[Records from a data source]
....
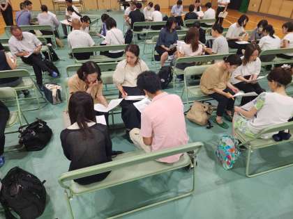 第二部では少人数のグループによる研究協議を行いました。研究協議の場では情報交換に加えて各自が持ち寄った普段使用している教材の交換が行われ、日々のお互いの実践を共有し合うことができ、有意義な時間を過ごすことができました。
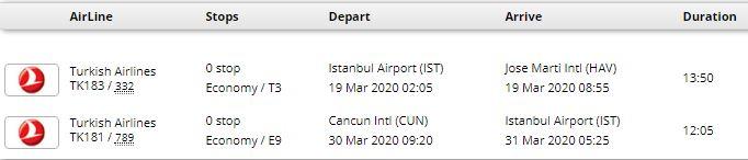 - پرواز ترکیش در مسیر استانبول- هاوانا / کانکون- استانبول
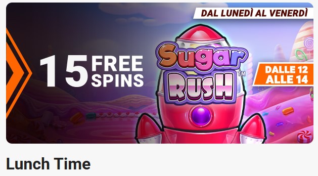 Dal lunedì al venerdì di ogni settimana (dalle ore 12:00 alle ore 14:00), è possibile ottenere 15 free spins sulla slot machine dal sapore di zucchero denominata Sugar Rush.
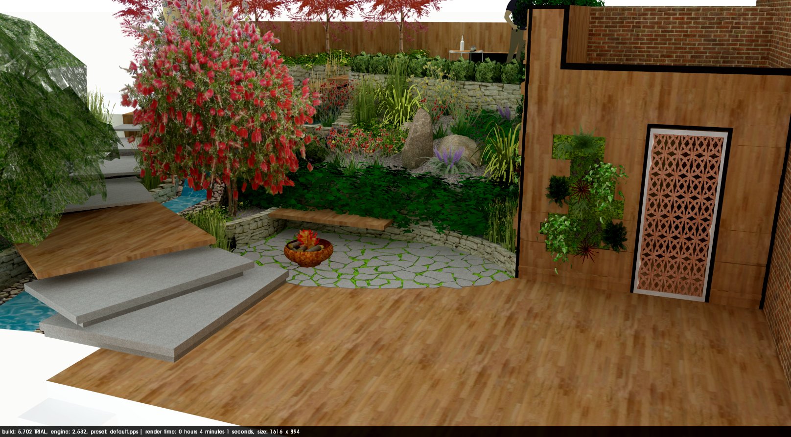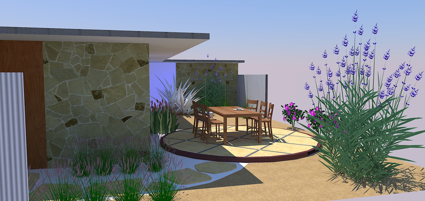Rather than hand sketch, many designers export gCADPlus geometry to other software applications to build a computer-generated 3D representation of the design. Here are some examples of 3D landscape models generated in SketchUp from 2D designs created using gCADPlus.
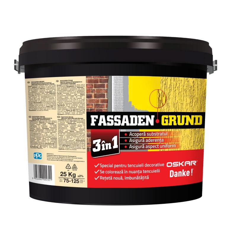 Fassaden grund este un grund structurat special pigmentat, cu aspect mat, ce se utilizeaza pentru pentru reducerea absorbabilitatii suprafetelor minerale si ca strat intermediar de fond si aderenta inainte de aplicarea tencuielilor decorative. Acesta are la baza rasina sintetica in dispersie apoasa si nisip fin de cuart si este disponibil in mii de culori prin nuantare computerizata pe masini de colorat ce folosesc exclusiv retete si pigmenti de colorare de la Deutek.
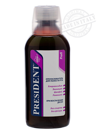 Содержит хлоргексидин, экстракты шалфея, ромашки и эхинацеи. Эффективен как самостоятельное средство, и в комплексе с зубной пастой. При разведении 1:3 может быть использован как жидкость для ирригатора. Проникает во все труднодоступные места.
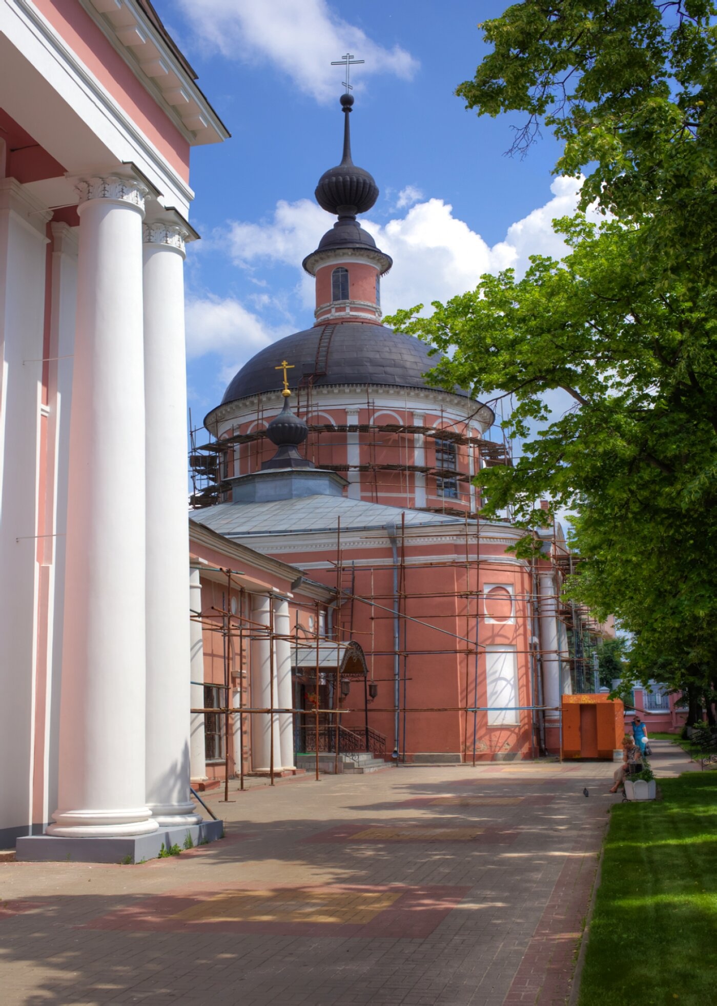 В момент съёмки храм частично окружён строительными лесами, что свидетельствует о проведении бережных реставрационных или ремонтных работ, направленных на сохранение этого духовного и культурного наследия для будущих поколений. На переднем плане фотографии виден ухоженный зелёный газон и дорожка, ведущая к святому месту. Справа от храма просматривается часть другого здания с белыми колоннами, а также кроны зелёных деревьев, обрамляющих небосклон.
....
> [Work to be completed]: Can the lines from the one with "- پرواز ترکیش" to the end of the records above be quoted exactly, both ends included, with every picture omitted?

> [Response to this exercise]:
 - پرواز ترکیش در مسیر استانبول- هاوانا / کانکون- استانبول
 Dal lunedì al venerdì di ogni settimana (dalle ore 12:00 alle ore 14:00), è possibile ottenere 15 free spins sulla slot machine dal sapore di zucchero denominata Sugar Rush.
Rather than hand sketch, many designers export gCADPlus geometry to other software applications to build a computer-generated 3D representation of the design. Here are some examples of 3D landscape models generated in SketchUp from 2D designs created using gCADPlus.
 Fassaden grund este un grund structurat special pigmentat, cu aspect mat, ce se utilizeaza pentru pentru reducerea absorbabilitatii suprafetelor minerale si ca strat intermediar de fond si aderenta inainte de aplicarea tencuielilor decorative. Acesta are la baza rasina sintetica in dispersie apoasa si nisip fin de cuart si este disponibil in mii de culori prin nuantare computerizata pe masini de colorat ce folosesc exclusiv retete si pigmenti de colorare de la Deutek.
 Содержит хлоргексидин, экстракты шалфея, ромашки и эхинацеи. Эффективен как самостоятельное средство, и в комплексе с зубной пастой. При разведении 1:3 может быть использован как жидкость для ирригатора. Проникает во все труднодоступные места.
 В момент съёмки храм частично окружён строительными лесами, что свидетельствует о проведении бережных реставрационных или ремонтных работ, направленных на сохранение этого духовного и культурного наследия для будущих поколений. На переднем плане фотографии виден ухоженный зелёный газон и дорожка, ведущая к святому месту. Справа от храма просматривается часть другого здания с белыми колоннами, а также кроны зелёных деревьев, обрамляющих небосклон.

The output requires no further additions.